I will come back on this, sometimes in the future. I am the father of a daughter who is half-Russian/Ukrainian and half Piedmontese myself. Since this is a responsibility I have towards my own child, I think I will share the results of whatever I can do for her.

Maybe it will also help other parents and young people who have a lot of questions in mind. I remain firmly convinced that nothing is positive or negative in itself. I myself lived through a number of problems deriving from semantic divergences in my own family, the result is that I got quite skilled in analysing what language is. So my road will be towards giving the people a better understanding of what lies under the words we use to think.

When implicit relational

The choice of Latin is an unfortunate one. With the ever expanding list of recognised newly minted Latin words as recognised by the Vatican, the truth of Latin as a language that has been continuously used is overwhelming. It is exactly because of the authoritative nature of this Vatican resource that the argument that Latin is a dead language is broken.
When people write in ancient Greek there is no universally accepted list of neologisms. It is for languages like ancient Greek that your argument rings true, not for Latin.
Thanks,
GerardM

You are wrong here, Gerard.

You are wrong here, Gerard. Latin is the exact choice because it did change a lot, up to the point in which it originated the Romance languages. Yet, much before that, the semantic clouds associated with Christian and Late Antique Latin are significantly different to those associated with Classical Latin.

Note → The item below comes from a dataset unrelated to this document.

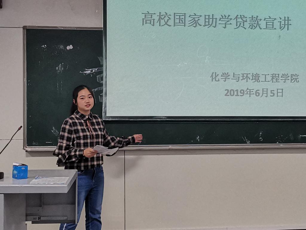 学院资助政策宣传大使丁晓红、杨梦阳同学分别向17级化工专业、18级生态和18级化学专业的同学们进行了高校国家助学贷款政策专题宣讲,主要介绍了高校国家助学贷款首贷和续贷程序、上交材料和其他注意事项等内容。

I'm reading a fantastic compilation of sociological studies about the early Byzantine Empire, and about the evolution of the social conception brought about by Christianity. There is absolutely no way in which you can mix the semantic conceptions of (say) a Classical writer of the I century BC and the writings produced (albeit both are in Latin)  in the VI century AD.

When such a tremendous social discontinuity occurs, you need a firm reference for the reader to set a context. If you tell people that Cicero and Justinian the Great can be interpreted within a single semantic framework you only end up confusing people. 

As said, I have no request to close a Latin wikipedia, neither do I want close the door to the use of any dead (or half-dead) language. But a clear reference is needed, people may not be lead to think that a text in the Latin wikipedia can be even remotely compared to Cicero. It's two different things, they must bear two clearly different  labels.No more than that.